[Material provided Boundary: Start]

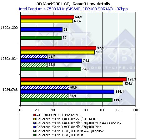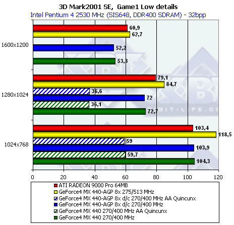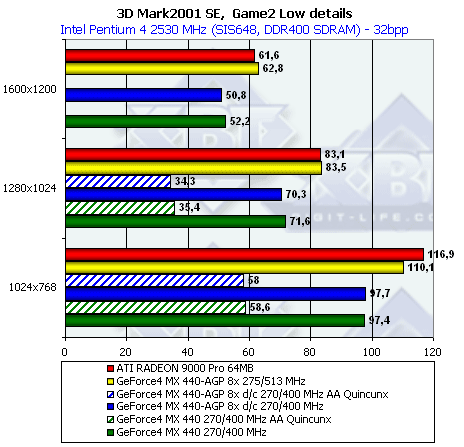 Картина почти аналогичная, за исключением того, что новый MX 440 сумел-таки обогнать RADEON 9000 Pro.
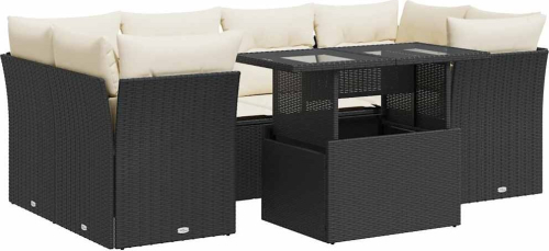 vidaXL vidaXL 7-cz. zestaw wypoczynkowy do ogrodu, z poduszkami, czarny
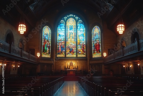 Obraz premium A quiet church interior featuring a stunning stained glass window and dimly...

[Material provided Boundary: End]

→ **What to work on**
Could you return exactly the lines starting with the one that contains "vidaXL vidaXL 7-cz." and ending with the last line of the data above? Leave the pictures out.

→ **Response**
 vidaXL vidaXL 7-cz. zestaw wypoczynkowy do ogrodu, z poduszkami, czarny
 Obraz premium A quiet church interior featuring a stunning stained glass window and dimly...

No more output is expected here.